Ierapetritou, M., University of Delaware
The growing concerns over global warming and environmental issues motivate the research on replacing oil-based feedstocks with biomass raw material for chemical and fuel production. Various technologies have been developed, scaled up, and commercialized over the years.1 However, most biomass conversion technologies are optimized to selectively convert a specific feedstock component (e.g., cellulose,2 hemicellulose,3 or lignin4) while the rest becomes the waste stream.
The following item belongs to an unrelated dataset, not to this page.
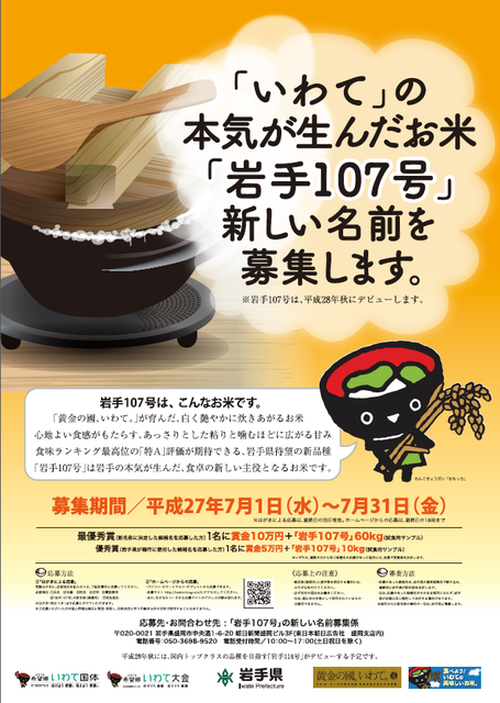 岩手県では、来年秋にデビューする新品種米「岩手107号」の名称を募集しています。 「岩手107号」は、あっさりとした粘りと噛むほどに広がる... 続きを読む

Hence, the integrated biorefinery is proposed to combine different conversion technologies and fully utilize all biomass components.5 The superstructure optimization framework with all available alternative reaction routes is commonly used to design the biorefinery.6 In addition to selecting the most economical or sustainable feedstock-technology-product combinations, the integrated biorefinery strategy also gives the process more flexibility to adjust its production in the volatile chemical market.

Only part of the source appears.